Aksona
MALUMUNUZ Bodrum faslının ilk bölümünü temmuz sonunda bitirmiş ve İstanbul’a dönmüştük. Biraz da Rüzgâr Tanrısı Boreas’tan şikayetçi olarak.
Boreas, poyraza dönüşüp temmuz boyunca kuzeyden üfürerek deniz suyunu buzlu rakı kıvamına getirdiğinden suyu ısıtmak görevi biz naçiz tatilcilere düşmüştü. Yukarıda Allah var, hepimiz üzerimize düşen görevi yerine getirmek için canla başla çalıştık. Artık Allah ne verdiyse…
Neticede görevimizi bir tamam yerine getirmenin mutluluğu işinde ve tabii ki Boreas’tan şekvacı olarak İstanbul’a döndük. Bir de kalktık kendisine ‘tık nefes olursun’ inşallah diye beddua ettik. Sen misin beddua eden. Boreas bize küstü. Bodrum’da efil efil esen Boreas İstanbul’da bizle selamı sabahı kesti. Bodrum’da kükrerken İstanbul’da dut yemiş bülbüle döndü. Geldiğimizden beri tık yok. Vallahi bizi Boreas’ın ahı tuttu.
İstanbul’a mı döndük yoksa Afrika’nın çölüne mi geldik anlayamadım. Kardaşım, tamam ağustos ayındayız; ağustos sıcak olur, olur ama böyle mi olur be bilader. Eminim Jules Verne’nin ‘Arzın Merkezine Seyahat’ kitabının kahramanları yerin magma tabakasına yakın yerlerinde sıcaktan bu kadar etkilenmemişlerdir. Kendimi magmaya yakın bir yerlerdeymişim gibi hissediyorum. Sanki dünyanın tüm yükünü üstümde taşıyorum. Alttan sıcak, üstten basınç ve nem feleğimi şaşırmış durumdayım. Bundan bir an önce kurtulmalı.
Boreas’tan özür dileyip tekrar Bodrum’a dönmeli. Vallahi üfürüğüne hasret kaldık. Ama ha deyince olmuyor. Şimdi bu nemli ve basınçlı havaya biraz daha dayanma ve bekleme dönemindeyiz. Derin su dalgıçlarının vurgun yememek için suyun altında belli bir derinlikte yaptıkları gibi ‘aksona’ durumundayız.
Belki merak etmişsinizdir aksona ne demek diye.

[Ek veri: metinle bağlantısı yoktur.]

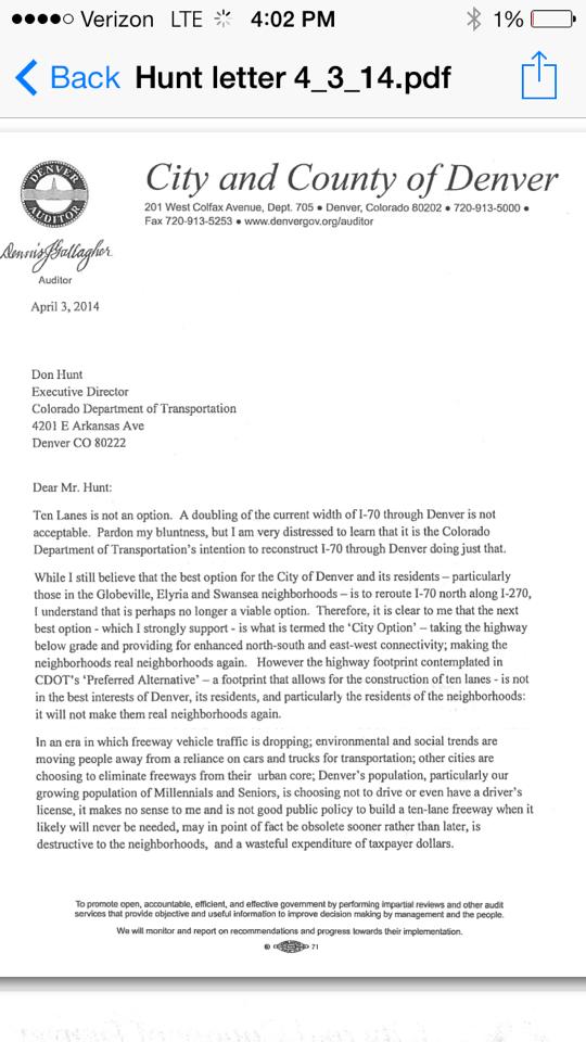 There has been a leadership vacuum around the project since then, Barnes-Gelt said, especially from prominent elected leaders. One notable exception is Denver Auditor Dennis Gallagher, who came out against the project a few months ago.

Kelime Rumca kökenli. Derin su dalgıçlarının belli bir derinliğe daldıktan sonra vurgun yememek için yine belli derinliklere yükselip kanlarında oluşan azotun yok olması için bekleme yaptıkları emniyet duraklarını ifade ediyor.
Derin suya dalındığında sıvılaşıp tüm dokulara yayılan azot, tekrar yüzeye çıkarken doğal dönüşümüne geçiyor. Dokulara yayılan bu gazlar, basınç düştükçe köpürüyor ve hacmi genişliyor. Yüzeye hızlı çıkılması halinde köpüren azot gazı dokularda kalıp, damarları tıkayarak, vurgun oluşuruyor. İşte bunun oluşmaması için dinlenme yerleri ve bekleme süreleri var. Derin su dalgıcının hayatını kurtaran bu molaya ‘Aksona’ deniyor. Modern dalgıçlıkta bu süre dekompres olarak tanımlanıyor. Aksona kelimesi daha çok sünger avcıları arasında kullanılıyor. Derin sularda çalışan, birinci sınıf sünger avcısına ise ‘Mancorna’ deniliyor.

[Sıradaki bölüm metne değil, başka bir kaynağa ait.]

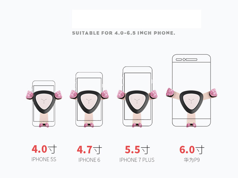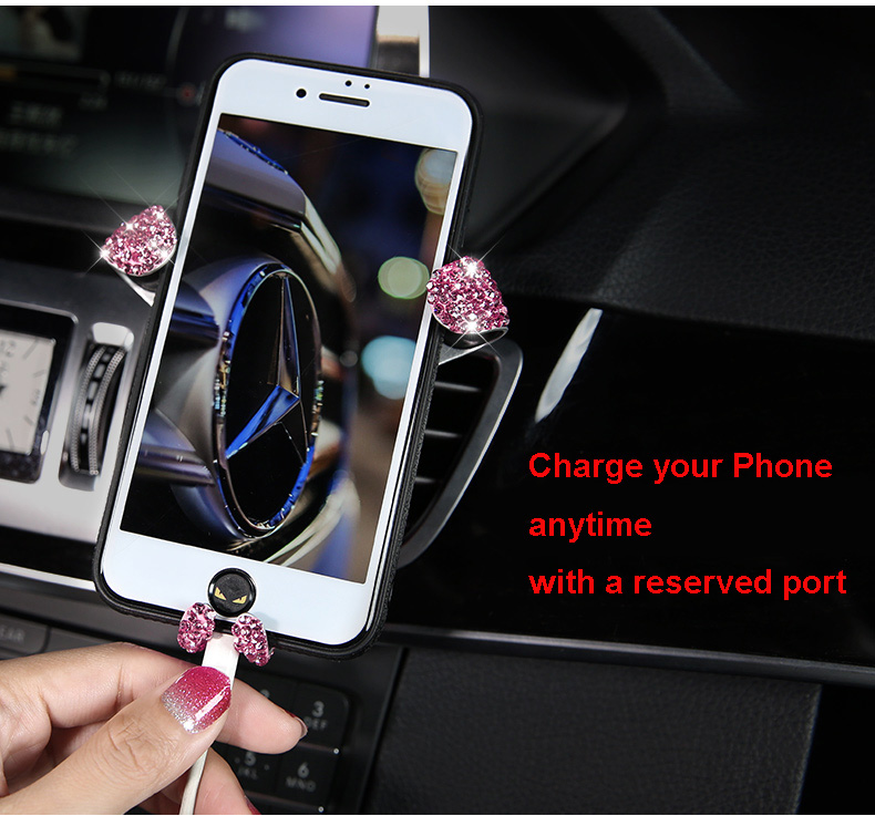 * Item Type: Interior Accessories & Car Air Vent Phone Holder * Size: Adjustable Universal * High quality Pure handmade, bing bing * Material : Durable ABS + Top rhinestones * Fine workmanship diamond, not easy to fall off * Exquisite workmanship, with bing bing rhinestones * Luxury, personality, Beautiful designed
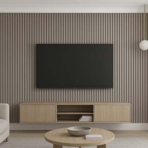 V obývacím pokoji se vyplatí zvolit výrazný, moderní akcent. Lamely Coffee Brokát se skvěle hodí na televizní stěnu, kde vytvářejí elegantní pozadí pro obrazovku i nábytek. Jejich výrazná struktura a sytá barva podtrhují moderní, lehce luxusní styl interiéru. Díky tomu získává odpočinková zóna nejen estetický rámec, ale i osobitý charakter ladící se zbytkem aranžmá.

Tabii ki mancorna olmak bizden çok uzak. Gençliğimizde derinlere dalmak gibi bir merakımız vardı ama merakımız on, onbeş metre derinden gitmekten fazla olmadı. Evvel Allah bu yaşımızda da hala sekiz on metreye dalabiliyoruz.
Mancornalık zor, çileli iş. Bundan iki bin üç yüz yıl önce yaşamış Kilikyalı filozof Opianus mancornalık için, ‘Hiçbir çile sünger avcılarınkinden daha korkunç, hiçbir çaba onlarınkinden daha zor değildir. Onlar ölüm artıklarıdır’ demiş.
Bana göre onlar su altındaki maden işçileri. Gelecek yazım mancornalık ve onun ülkemizdeki son temsilcisi ile ilgili olacak.
Mancornalık şimdilik şöyle dursun, biz şu anda İstanbul’un derinliklerinde Bodrum’a gitme hayali ile tam aksona durumundayız.
Amanı biliyon mu Boreas, tekrar geliyoruz Bodrum’a. Bir daha şikayet edersem namerdim, affet bizi.